Mon, Mar 29, 2010 : 7:06 a.m.

@anonymous Oh Please, not the Weekly Standard. You might as well quote Fox News. Freeman Dyson may be one of the smartest people living but he is a theoretical physicist not a climatologist. Do you want a mechanical engineer to do your heart surgery or a cardiac surgeon? There are plenty of web sites that have sprung up in opposition to the facts of human induced climate change and the measures that need to be taken to keep the planet habitable for our children and their children. Consider the source. Denial.

Anonymous Due to Bigotry

Sat, Mar 27, 2010 : 11:08 a.m.

@Phillip Farber: The truth that's being ridiculed is that, even if they did play a significant role (and that is in doubt), carbon reductions won't have any useful effect.

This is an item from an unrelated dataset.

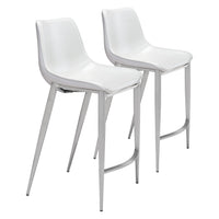 High design meets everyday casual. This handsome counter chair with its slim profile pulls up perfectly to the bar. Its super comfortable curved seat is covered in white faux leather with dramatic stitching. Brushed stainless steel legs are complete with protective plastic feet to keep your floors scratch-free.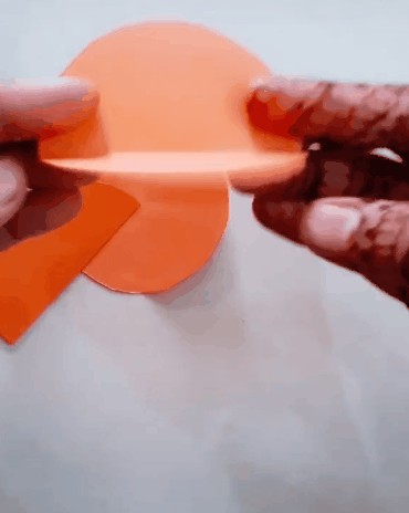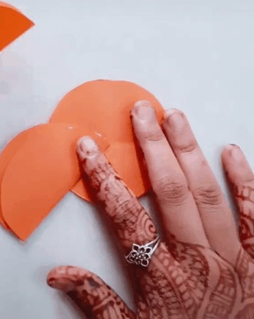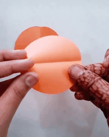 3.取第三片圆形纸片对折,夹在第二片纸片里。

If there's a real problem then some sort of geoengineering will be needed and nobody is even talking about that. A decent summary of recent revelations regarding anthropogenic global warming is contained here: http://www.weeklystandard.com/articles/denial Even without that, the climate models are still quite terrible and still have not made any verifiable predictions. Models are pretty useless when they can't make any valid predictions. Funny, but Freeman Dyson, Nobel prize laureate and one of the smartest people to ever exist, is quite doubtful of the impending disaster: http://e360.yale.edu/content/feature.msp?id=2151 Also interesting is the misplaced priority on "climate change" even when you use bogus figures for the impact on humans: http://www.copenhagenconsensus.com/Home.aspx Mitigation is #29 on the list, and that's even when you accept doubtful claims about impending disaster.

jcj

Fri, Mar 26, 2010 : 8:47 p.m.

Mr Farber Your quote doesn't hold water! You might want to try again! I think your belief falls into the "goofy Crap" section. This is a quote that ISN'T used when actual evidence exists. A better quote would be Some truth is ridiculed, some truth is violently opposed, then later seen as self-evident but lots of goofy crap goes through the first two stages as well. Einsteins Theory of Relativity was neither ridiculed or violently opposed http://cinrambler.wordpress.com/2009/10/21/all-truth-goes-through-three-stages/

Phillip Farber

Fri, Mar 26, 2010 : 5:52 p.m.

"All truth passes through three stages. First, it is ridiculed. Second, it is violently opposed. Third, it is accepted as being self-evident." Sounds like the commenters in this thread are still in the first stage.

cinnabar7071

Fri, Mar 26, 2010 : 12:17 p.m.

I can't believe Al Gore isn't in jail yet.

stunhsif

Fri, Mar 26, 2010 : 7:40 a.m.

"Earth Day" who cares, other than it brings to mind how "global warming" is nothing but a scam created by Earth Day hippies!!!!

AlphaAlpha

Fri, Mar 26, 2010 : 6:21 a.m.

Agreed. The unproven and now obviously flawed theory of human caused global warming is rapidly headed for the scrap pile of failed theories. http://wattsupwiththat.com/

Anonymous Due to Bigotry

Thu, Mar 25, 2010 : 11:17 p.m.

This story would have been more complete with coverage of all of the scandals related to climate change recently. For example CRU ("climategate") and the IPCC if not others. That's why people are lacking a sense of urgency and not taking climate change seriously. It's hard to take these guys seriously when all serious scientists know that carbon reductions capable of addressing the exaggerated disaster scenarios are totally infeasible. Either they know the disaster scenarios are bogus or they're terribly ignorant of what it will take to stop them in terms of pure emissions reductions. The failure of the supposed experts to discuss geoengineering solutions is a dead giveaway to the fact that disaster isn't really expected to happen.